The torsion angles α and ζ were loosely restrained to exclude the trans range (0±120°), based on all 31P chemical shifts falling into the range of −4 to −5 p.p.m. (ref. 29). The torsion angle χ was restrained to −160±20° for all nucleotides in the anti range, based on the integrated NOE volume of intranucleotide H1′ to aromatic NOE for a 60 ms NOESY spectrum. 2D TOCSY experiments with a 45ms mixing time were used to analyze sugar pucker conformations. Nucleotides with strong H1′–H2′ and H1′–H3′ crosspeaks were restrained to an S-type range (145±30°) (C72 and U74). Nucleotides with intermediate crosspeak intensities (G62, G71, A73, U80 and C85) were left unrestrained. Nucleotides with absent H1′–H2′ crosspeaks were restrained to an N-type range (85±30°).
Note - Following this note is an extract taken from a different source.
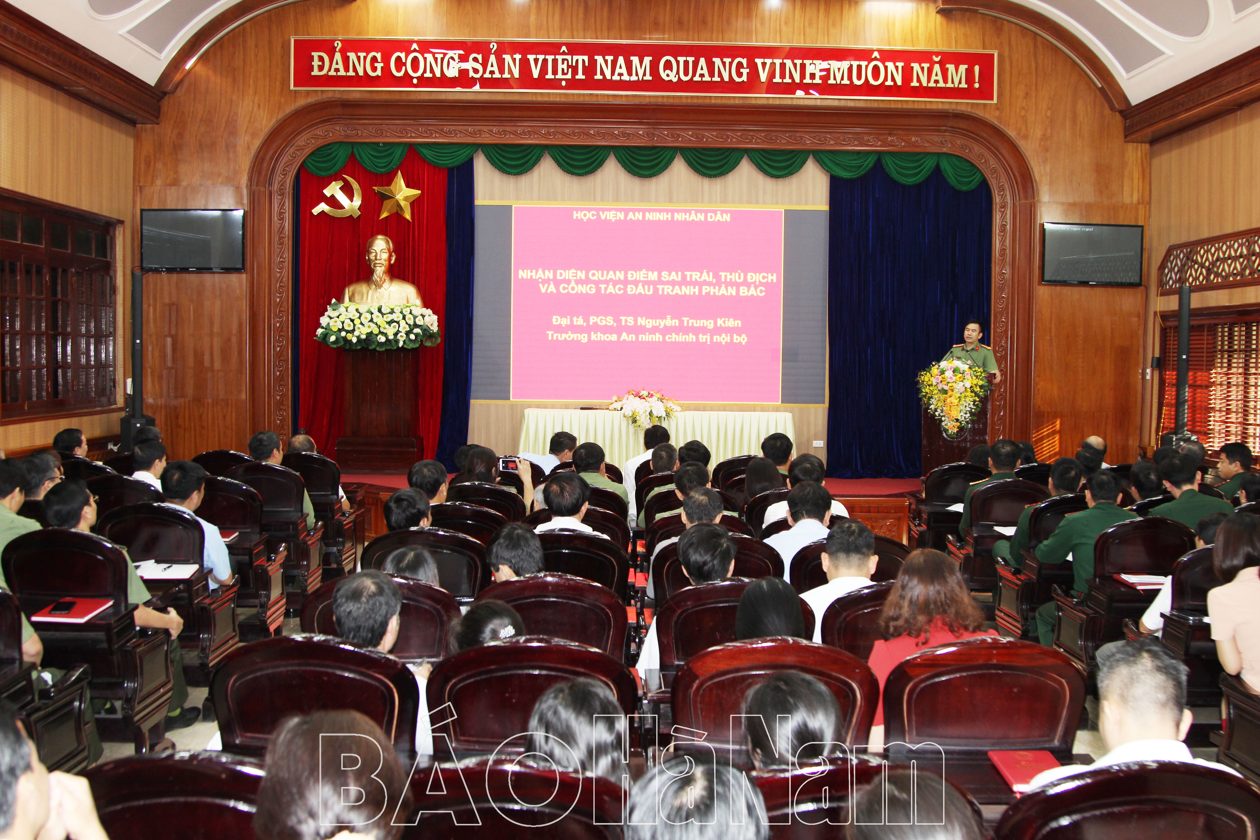 Tại buổi tập huấn các đại biểu tham dự được nghe Đại tá, Phó Giáo sư, Tiến sỹ Nguyễn Trung Kiên, Trưởng Khoa An ninh chính trị nội bộ- Học viện An ninh truyền đạt nội dung về: Nhận diện quan điểm sai trái, thù địch và công tác đấu tranh phản bác. Trong đó, đi sâu phân tích quan điểm của Đảng, Nhà nước Việt Nam về các vấn đề trong nước và thế giới; nhận diện các quan điểm sai trái, thù địch trên các lĩnh vực văn học, nghệ thuật, báo chí…; vấn đề dân chủ, nhân quyền; nguyên nhân nảy sinh quan điểm sai trái, thù địch; tổ chức công tác phòng ngừa, đấu tranh với luận điệu sai trái…

DYANA28 was used to calculate 200 starting structures in torsion angle space, starting from random torsion angles. Ideal A-form geometry torsion angle restraints were included at this step but only for the Watson-Crick helical regions that were clearly A-form on the basis of NOE data. We performed 4,000 steps of restrained torsion angle molecular dynamics. The 100 lowest energy DYANA starting structures were then refined in Cartesian coordinate space with restrained molecular dynamics using X-PLOR30. Restrained molecular dynamics and simulated annealing (28 ps) were performed at 2,000K with cooling to 100 K in 40,000 steps, with a 0.7 fs time step. The simulated annealing was followed by 200 steps of energy minimization using the Powell algorithm in X-PLOR. The 40 lowest energy refined structures were viewed and analyzed using MOLMOL31.

Structure analysis.

The electrostatic surface calculations were performed using QNIFFT14 and visualized with GRASP32. A conformational analysis of the RNA structure was achieved by using the AMIGOS algorithm33 to calculate pseudotorsion angles between O4′ and the phosphates in the 5′ and 3′ directions. The AMIGOS calculation reveals that the torsion angles fall within the allowed plot regions for A-form RNA and known structural motifs.

Coordinates.

The U6 ISL structure coordinates have been deposited in the PDB (accession code 1LC6). The U6 ISL chemical shifts have been submitted to BioMagResBank (accession code BMRB-5784).